After finding "New Era x Alpha" in a line below, print that line and the rest of the lines exactly, leaving out all pictures.

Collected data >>
------------------------------------------------------------

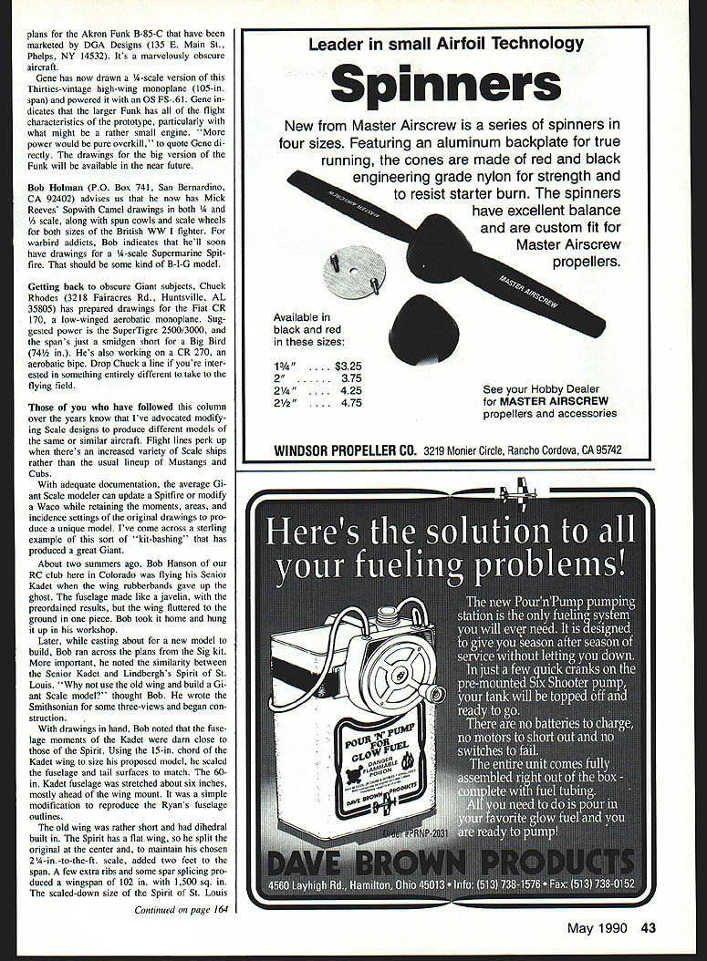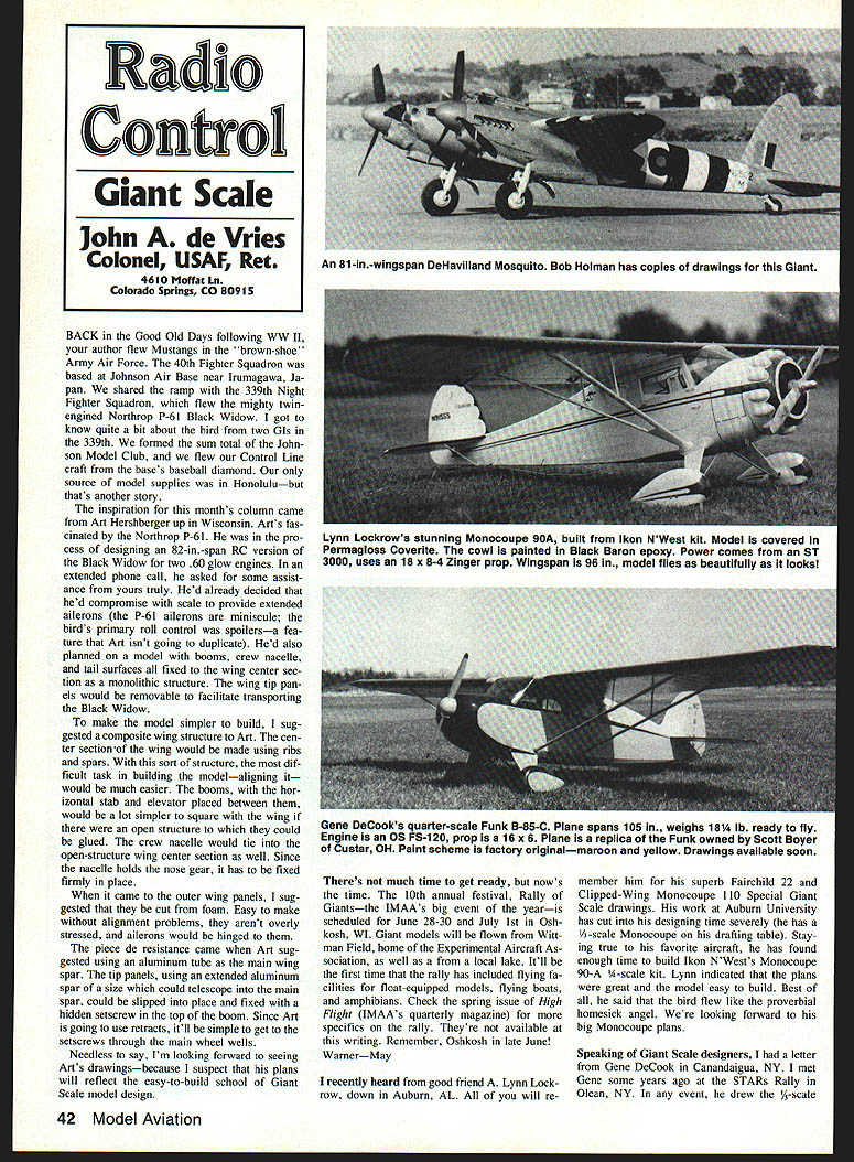 BACK Good Old Days following WW II author flew Mustangs brown-shoe Army Air Force 40th Fighter Squadron based Johnson Air Base near Irumagawa Ja pan shared ramp 339th Night Fighter Squadron flew mighty twinengined Northrop P-61 Black Widow got know quite bit about bird two GIs 339th formed sum total John son Model Club flew Control Line craft bases baseball diamond source model supplies Honolulubut thats another story inspiration months column came Art Hershberger up Wisconsin Arts fas cinated Northrop P-6 pro cess designing 82-in-span RC version Black Widow two 60 glow engines extended phone call asked some assist ance yours truly Hed already decided hed compromise scale provide extended ailerons P-61 ailerons miniscule birds primary roll control spoilersa fea ture Art isnt going duplicate Hed also planned model booms crew nacelle tail surfaces fixed wing center sec tion monolithic structure wing tip pan els would removable facilitate transporting Black Widow make model simpler build sug gested composite wing structure Art cen ter section-of wing would made using ribs spars sort structure dif ficult task building modelaligning would much easier booms hor izontal stab elevator placed between would lot simpler square wing open structure could glued crew nacelle would tie open-structure wing center section well Since nacelle holds nose gear has fixed firmly place came Outer wing panels sug gested cut foam Easy make alignment problems arent overly stressed ailerons would hinged piece de resistance came Art sug gested using aluminum tube main wing spar tip panels using extended aluminum spar size could telescope main spar could slipped place fixed hidden setscrew top boom Since Art going use retracts itll simple get setscrews through main wheel wells Needless say Im looking forward seeing Arts drawingsbecause suspect plans will reflect easy-to-build school Giant Scale model design 42 Model Aviation Theres much time get ready nows time 10th annual festival Rally Giantsthe IMAAs big event yearis scheduled June 28-30 July 1st Osh kosh WI Giant models will flown Witt man Field home Experimental Aircraft As sociation well local lake Itll first time rally has included flying fa cilities float-equipped models flying boats amphibians Check spring issue High Flight IMAAs quarterly magazine specifics rally Theyre available writing Remember Oshkosh late June WarnerMay member him superb Fairchild 22 Clipped-Wing Monocoupe 110 Special Giant Scale drawings work Auburn University has cut designing time severely has A-scale Monocoupe drafting table Stay ing true favorite aircraft has found enough time build Ikon NWests Monocoupe 90-A A-scale kit Lynn indicated plans great model easy build Best said bird flew like proverbial homesick angel looking forward big Monocoupe plans Radio Control Giant Scale John de Vries Colonel USAF Ret 4610 Moffat Ln Colorado Springs CO 80915 An 81-in-wingspan DeHavilland Mosquito Bob Holman has copies drawings Giant Lynn Lockrows stunning Monocoupe 90A built Ikon NWest kit Model covered Permagloss Coverite cowl painted Black Baron epoxy Power comes ST 3000 uses 18 x 8-4 Zinger prop Wingspan 96 model flies beautifully looks Gene DeCooks quarter-scale Funk B-85-C Plane spans 105 weighs 181/4 lb ready fly Engine OS FS-1 20 prop 16 x 6 Plane replica Funk owned Scott Boyer Custar OH Paint scheme factory originalmaroon yellow Drawings available soon recently heard good friend Lynn Lockrow down Auburn AL will re Speaking Giant Scale designers letter Gene DeCook Canandaigua NY met Gene some years ago STARs Rally Glean NY event drew -scale plans Akron Funk B-85-C have marketed DGA Designs 135 E Main St Phelps NY 14532 Its marvelously obscure aircraft Gene has now drawn A-scale version Thirties-vintage high-wing monoplane 105-in span powered OS FS-61 Gene dicates larger Funk has flight characteristics prototype particularly what might rather small engine power would pure overkill quote Gene di rectly drawings big version Funk will available near future Bob Holman PO Box 741 San Bernardino CA 92402 advises us now has Mick Reeves Sopwith Camel drawings both Y3 scale along spun cowls scale wheels both sizes British WW fighter warbird addicts Bob indicates hell soon have drawings A-scale Supermarine Spit fire should some kind B-I-G model Getting back obscure Giant subjects Chuck Rhodes 3218 Fairacres Rd Huntsville AL 35805 has prepared drawings Fiat CR 170 low-winged acrobatic monoplane Sug gested power SuperTigre 2500/3000 spans just smidgen short Big Bird 74 Hes also working CR 270 acrobatic bipe Drop Chuck line youre inter ested something entirely different take flying field have followed column over years know Ive advocated modify ing Scale designs produce different models same similar aircraft Flight lines perk up theres increased variety Scale ships rather usual lineup Mustangs Cubs adequate documentation average Gi ant Scale modeler can update Spitfire modify Waco retaining moments areas incidence settings original drawings pro duce unique model Ive come across sterling example sort kit-bashing has produced great Giant About two summers ago Bob Hanson RC club Colorado flying Senior Kadet wing rubberbands gave up ghost fuselage made like javelin preordained results wing fluttered ground piece Bob took home hung up workshop Later casting about new model build Bob ran across plans Sig kit important noted similarity between Senior Kadet Lindberghs Spirit St Louis use old wing build Gi ant Scale model thought Bob wrote Smithsonian some three-views began con struction drawings hand Bob noted fuse lage moments Kadet darn close Spirit Using 15-in chord Kadet wing size proposed model scaled fuselage tail surfaces match 60in Kadet fuselage stretched about six inches mostly ahead wing mount simple modification reproduce Ryans fuselage outlines old wing rather short dihedral built Spirit has flat wing split original center maintain chosen 2A-in-to-the-ft scale added two feet span few extra ribs so
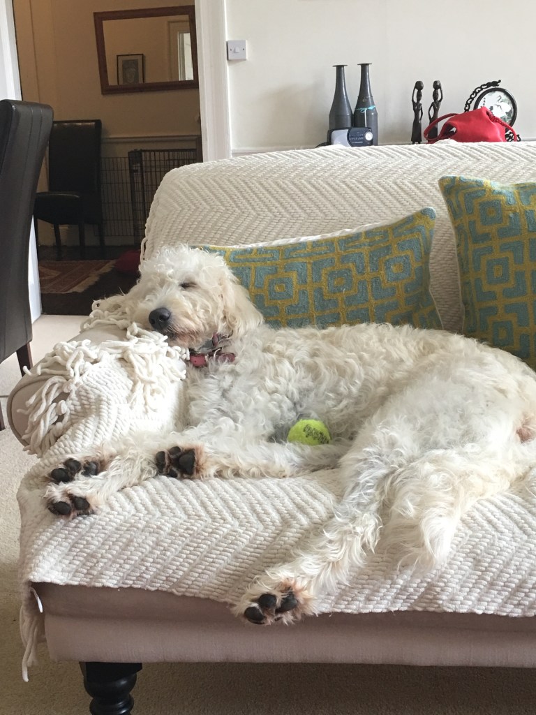 Usually, Dog is a great ball of silvery-white curls – she is often compared to the dog in the Flash advert by admiring passers-by. Well she doesn’t look like that at the moment. Basically she had a very brutal groom – an extremely brutal groom. So brutal I didn’t actually recognise her when I went to collect her. I hadn’t realised how much of her personality was expressed by her eyebrows and whiskers until I saw her after they’d been clipped off. She looked hideous. A gangly, malnourished slink of a thing. The children were horrified when I got her home.
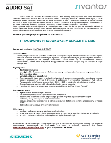 Firma Audio SAT należy do Sivantos Group – the hearing company i ma pod sobą dwie marki: Siemens oraz Audio Service. Produkuje rocznie ponad 270 tysięcy aparatów i wkładek dousznych, a także serwisuje ponad 30 tysięcy produktów dla osób z wadami słuchu – fabryka w Poznaniu to jedna z dwóch takich w Europie. Najnowocześniejsze w Polsce centrum produkuje aparaty na rynek polski, ale także m.in. na rynek niemiecki, angielski, francuski, holenderki, duński, włoski, szwajcarski i węgierski. Wykorzystanie najnowocześniejszych technologii pozwala znacznie skrócić proces tworzenia wkładek – wyprodukowanie jednej indywidualnej wkładki wewnątrzusznej zabiera nam mniej niż jedną godzinę, co wprost skraca czas oczekiwania na aparat przez osoby niedosłyszące. Obecnie poszukujemy kandydatów na stanowisko: PRACOWNIK PRODUKCYJNY SEKCJI ITE EMC Forma zatrudnienia: UMOWA O PRACĘ Zakres zadań: Praca polega na budowie aparatów słuchowych wewnątrz usznych. Do obowiązków pracownika będzie należało: budowa aparatów słuchowych zgodnie z danymi technicznymi, przestrzeganie procedur i instrukcji wymaganych dla danego zamówienia. Praca wiąże się z koniecznością obsługi: mikroszlifierki, polerki oraz komputera. Przygotowanie zamówień odbywa się na bieżąco w ciągu danego dnia. Wymagania: Zdolności manualne Umiejętność odwzorowania produktu oraz oceny estetycznej wykonywanych przedmiotów Odporność na stres Umiejętność pracy zespołowej Dyspozycyjność (czas pracy – nadgodziny/wybieranie wolnego za nadgodziny, ewentualna praca w soboty: pracujemy w trybie 5-dniowym, 8-godzinnym + ewentualne nadgodziny i/lub soboty. Rozpoczęcie i zakończenie pracy: między 6:00 – 18:00 w zależności od ustalonego grafiku. Dyscyplina pracy, sumienność, odpowiedzialność, kultura osobista Umiejętność obsługi komputera (m.in. programów Microsoft Office: Excel, Outlook) Dodatkowe atuty: wykształcenie techniczne jest plusem umiejętność posługiwania się mikroszlifierką jest plusem podstawowa znajomość języka angielskiego (poziom A1) oraz zagadnień technicznych wskazany dobry wzrok (praca pod mikroskopem) obsługa programów graficznych, z których pracownik dodatkowo zostanie przeszkolony w naszej firmie doświadczenie w pracy z drobnymi elementami Oferujemy: stabilną i ciekawą pracę w profesjonalnym środowisku atrakcyjne warunki zatrudnienia i wynagrodzenia, w tym szeroki wachlarz świadczeń socjalnych kontakt z najnowocześniejszą techniką i technologiami w audiologii. Kandydatów zainteresowanych ofertą i spełniających przedstawione wymagania prosimy o przesyłanie dokumentów aplikacyjnych do 8.03.2015: CV wraz z klauzulą poufności na adres: [email protected] w tytule z dopiskiem: ITE NEW.
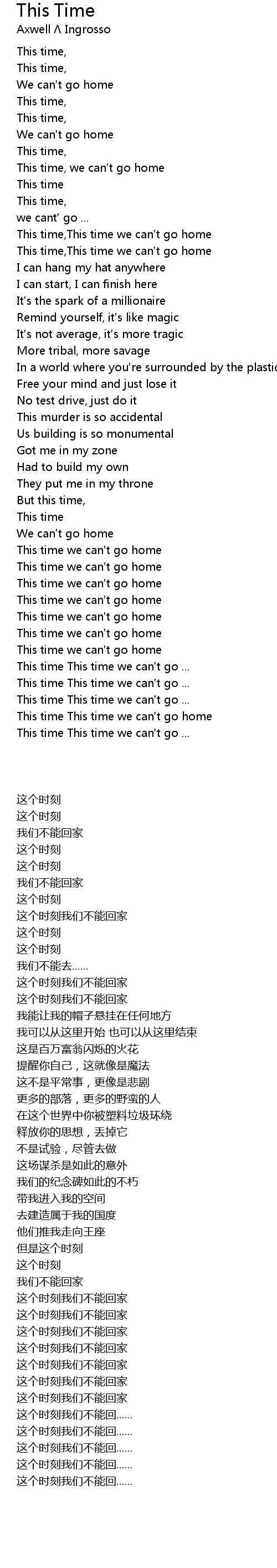 | [03:21.113] | This time This time we can′t go home |
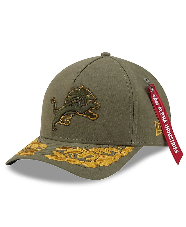 New Era x Alpha Men's Industries Olive Detroit Lions A-Frame 9FORTY Adjustable Hat
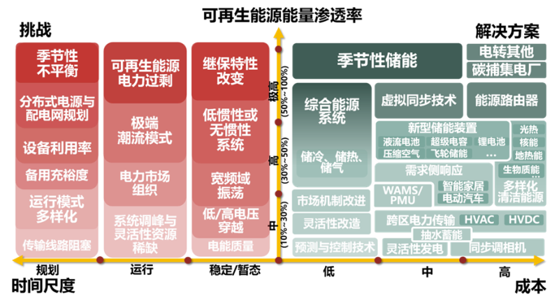 圖9 高比例可再生能源挑戰(zhàn)與技術(shù)解決方案對應(yīng)關(guān)系

------------------------------------------------------------

Result of this task >>
 New Era x Alpha Men's Industries Olive Detroit Lions A-Frame 9FORTY Adjustable Hat
 圖9 高比例可再生能源挑戰(zhàn)與技術(shù)解決方案對應(yīng)關(guān)系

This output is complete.